If you use side-effects, it is good discipline (to be enforced in a future version of POO?) that any prototype used as super-prototype should be immutable by the time any such combination is instantiated. To instantiate a prototype object multiple times for the purpose of side-effects, “just” create a new instance with (.mix object).

Further common concepts

A slot computation that doesn’t invoke its inherited computation is said to override it. The simplest slot definition is to specify a constant value as the computation, which will indeed override any inherited computation.

It is not uncommon for a slot computation to always raise an error, or to be left undefined, which will also implicitly result in an error if accessed: a further prototype may override this definition, and the error will only be raised if that default computation is invoked rather than overridden.

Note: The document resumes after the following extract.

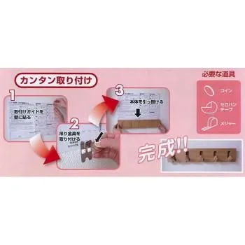カンタンに取り付けできる壁掛け3連収納フック。

A more advanced slot computation may invoke the inherited value and modify it, for instance increment a count, add one or many elements to a list or set, etc. The case is common enough that there is a special syntax for when a slot computation always invokes its inherited computation and modifies its result.

A method is a slot the value of which is a function. The body of the function may or may not use the values of other slots. The special form .call can be used to directly invoke a method.

A mixin, or trait, is a prototype specifying a partial increment of computation, referring to slots that it doesn’t define, and/or providing slots that are meant for further use rather than as final values. Unlike perhaps in other object systems, in POO there is no technical difference, syntactic distinction, or special semantic treatment, between prototypes that are or aren’t mixins.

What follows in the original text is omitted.